In den letzten Wochen hat ein historischer Bericht über die Vergangenheit des Unternehmers Günter Leifheit neue Diskussionen in der Stadt Nassau ausgelöst. Der Historiker Stefan Holler hat umfassende Recherchen zu Leifheits Verstrickungen während der Zeit des Nationalsozialismus veröffentlicht, die nun zu einer intensiveren Auseinandersetzung mit diesem Kapitel der Geschichte führen.
Manuel Liguori, der Stadtbürgermeister von Nassau, gab bekannt, dass das Gutachten von Holler „bisher nicht bekannte Details“ enthält, die für alle Beteiligten von großem Interesse sind. Die Stadt hält es für wichtig, diese Thematik umfassend aufzuarbeiten, und hat daher beschlossen, ein weiteres Gutachten in Auftrag zu geben. In einer offiziellen Mitteilung wurde betont, dass Einigkeit darüber besteht, das Thema ernsthaft anzugehen.
Ein Netzwerk der Zusammenarbeit
Die Entscheidung, die von Liguori während eines Treffens im Leifheit Kulturhaus in Nassau verkündet wurde, ist das Ergebnis intensiver Gespräche zwischen Vertretern der Stadt, der Leifheit-Stiftung und des Leifheit Campus. Ziel dieser Initiativen ist es, die Mitgliedschaft von Günter Leifheit in der Waffen-SS und seine Rolle im Nationalsozialismus zu beleuchten. Professor Arnd Bauerkämpfer, ein Historiker im Ruhestand, hat die geplanten weiteren Untersuchungen begrüßt und sieht sie als wichtigen Schritt zur Aufklärung an.
Die Stadt Nassau plant, eng mit der Marktgemeinde Garmisch-Partenkirchen zusammenzuarbeiten, um das neue Gutachten in Auftrag zu geben. Diese Kooperation könnte durch die LongLeif GaPa gGmbH koordiniert werden, die auch für die Verwaltung der beträchtlichen finanziellen Mittel zuständig ist, die das Ehepaar Leifheit der Gemeinde gespendet hat. „Wenn das neue Gutachten vorliegt, werden wir weitere Handlungsschritte besprechen“, ergänzte Liguori.
Der Historiker Stefan Hollers Bericht hatte bereits in seiner ersten Veröffentlichung für Aufsehen gesorgt.
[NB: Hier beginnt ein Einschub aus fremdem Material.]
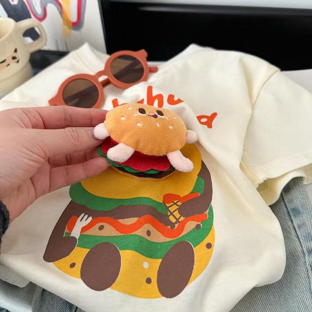 子供の立体人形半袖 Tシャツ夏服 2025 新しいルーズ韓国漫画トップ半袖ボトムシャツトレンディ

Laut seinen Recherchen hat Leifheit, der 2009 verstorben ist, eine „mustergültige nationalsozialistische Karriere“ durchlebt und trat freiwillig in Organisationen wie die Hitlerjugend, die NSDAP sowie die Waffen-SS ein. Dennoch betont Holler, dass es keine Belege für Leifheits persönliche Beteiligung an Kriegsverbrechen oder Verbrechen gegen die Menschlichkeit gibt.
Eine bekannte Vergangenheit
Der Autor einer Biografie über Günter Leifheit äußerte sich zudem in einem Interview und erklärte, dass die Informationen über Leifheits Mitgliedschaft in der Waffen-SS in der Stadt Nassau bereits seit Jahren bekannt seien. Dies wirft die Frage auf, wie lange solche Informationen ignoriert oder nicht ernsthaft betrachtet wurden.
Günter Leifheit selbst war der Gründer des gleichnamigen Unternehmens, das heute noch unter seinem Namen in Nassau Haushaltswaren herstellt. Auch nach seinem Rückzug aus dem operativen Geschäft blieb sein Name eng mit der Stadt und dem Unternehmen verbunden, das über 1.100 Mitarbeiter beschäftigt. Die Stadtplanung, das Kulturhaus und das Gymnasium, bekannt als Leifheit Campus, reflektieren das Erbe des Unternehmers und seine Rolle innerhalb der Gemeinschaft.
Mit den aktuellen Entwicklungen im Hinblick auf die Aufarbeitung seiner NS-Vergangenheit könnte der neue Auftrag zur Erstellung eines Gutachtens nun nicht nur persönliche, sondern auch gesellschaftliche Implikationen für die Stadt Nassau und das Unternehmen Leifheit haben. Die Verantwortlichen betonen, dass man die Verantwortung für die Geschichte ernst nehmen und die notwendigen Schritte zur Klärung einleiten will.